The worst part is, most Dating Sims do have failure states. There are game overs and Bad endings. I mean, obviously. I don't even know why they keep being brought up here
Walking simulators, on the otherhand, I can't speak for. I've never played one, and I don't plan on it. I won't debate their credibility as games, but they just don't look entertaining.
Thank God for a tv that look like an apple
Whats wrong with Visual Novels not actually being games? (Ace Attorney is a game though because of puzzle solving and such)
That doesn't diminish them in anyway.
Actually, thinking about it, it's not just about the diminishment of the games.
The definition of gamer is defined as people who play games. If we say certain genres of games(experiences, whatever) aren't games, we can say certain people aren't gamers and their makers aren't game developers. If you like visual novels and walking simulators and play them more than other games and play other games only occasionally, why should you be considered a nongamer, and therefore not worthy of attention or consideration when discussing development of games, when you likely dedicate as much time to or more to these sort of experiences? If you take the time to actually make these games(experiences, whatever), why shouldn't you be considered a game developer as much as anyone else who put their time to these issues?

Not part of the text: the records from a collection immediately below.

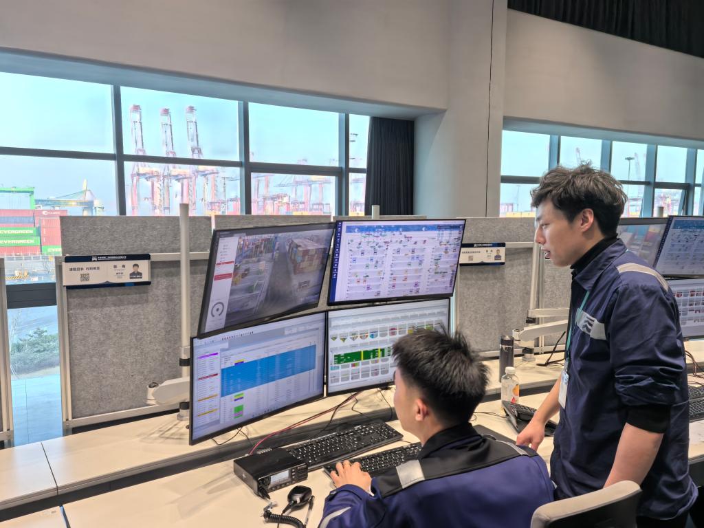 天津港第二集裝箱碼頭有限公司信息部副經(jīng)理班宏宇(右一)正在和調(diào)度員討論堆場(chǎng)智能系統(tǒng)應(yīng)用情況。新華社記者 楊文 攝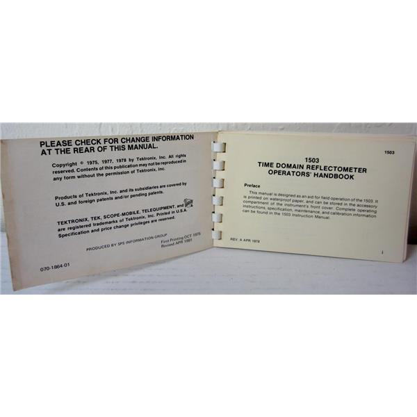 - Description: Operator's Handbook for 1503 Time Domain Reflectometer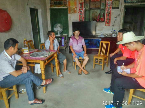 7月30日,转战杨梅山镇枧坪村继续开展工作的第一天,烈日和暴雨依旧同在。与村支书就本村基本情况进行交淡后,我们再次出发。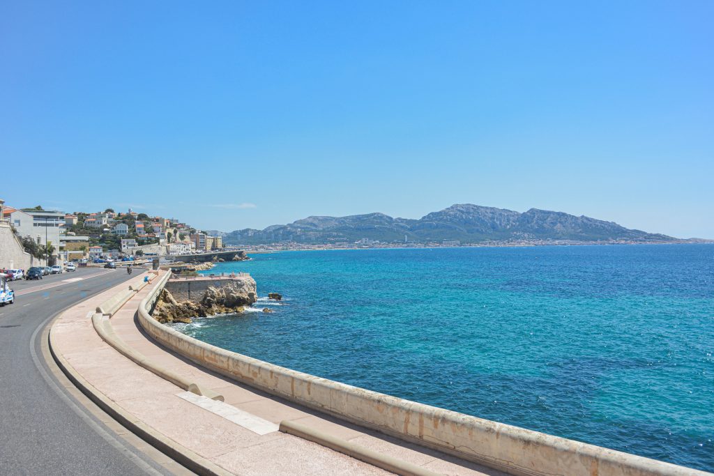 È all'uscita da Malmousque che la Corniche Kennedy rivela tutta la sua magnificenza. La pista ciclabile, nuova e protetta dal traffico, offre un panorama ininterrotto che si estende fino all'orizzonte.
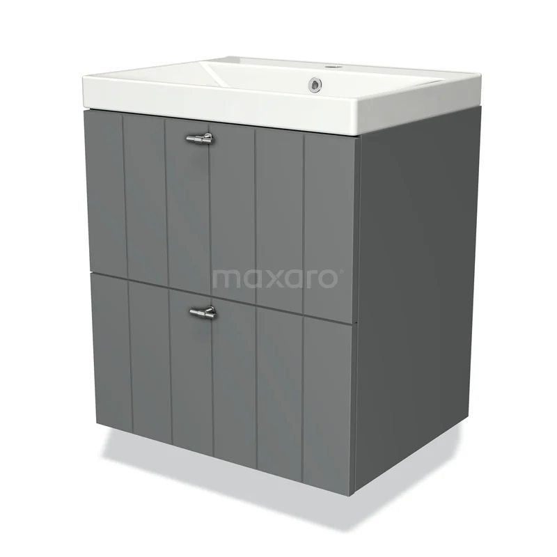 Modulo Bathroom furniture with sink | 60 cm Mid grey Slat front Ceramic 2 Stacked drawers

Also, such distinctions between the two potentially leads to adding elements to these non-games that ultimately wouldn't improve them to be considered valid by these people who claim these genres aren't games. The Stanley Parable wouldn't have been improved (and I argue it would have been harmed) by adding failure states, but it would have become a game, making people who play it gamers and the people who made it game developers.
Finally, as much as I hate to bring it up and bring bile upon myself, I'm not going to censor myself on this because I feel this is an important point. This idea has the (intentional or unintentional) consequence of labeling some women-dominated genres among both buyers and developers as not part of the larger gaming scene. Gone Home was primarily developed by women, for example, and while I don't have statistics on me, I'd hazard a guess that the visual novel market has many female buyers and developers as well.

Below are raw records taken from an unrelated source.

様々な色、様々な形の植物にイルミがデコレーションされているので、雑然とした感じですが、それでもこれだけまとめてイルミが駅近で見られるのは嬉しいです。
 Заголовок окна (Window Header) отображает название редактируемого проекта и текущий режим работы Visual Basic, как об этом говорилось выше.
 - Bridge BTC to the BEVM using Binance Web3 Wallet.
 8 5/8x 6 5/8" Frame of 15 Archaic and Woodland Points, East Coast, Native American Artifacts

If people are going to ask why women supposedly don't make games and instead just complain about them (a discussion this forum went through pre-gamergate), why when women are actually making experiences that at the very require all the work of games if they aren't games themselves do we seek to define those games as non-games? When people ask "Why aren't women making games instead of complaining about them?" or "Why should we cater to women? they aren't important in the current market" do they
really just mean "Why aren't women making games to match my standards?" or "Why should we cater to women? Women don't play right kinds of games to matter to me"? If so, then both arguments are completely bunk courtesy of the definitional goalpost moving hidden beneath them, and there really is little reason to justify the current state of gaming and the industry for women.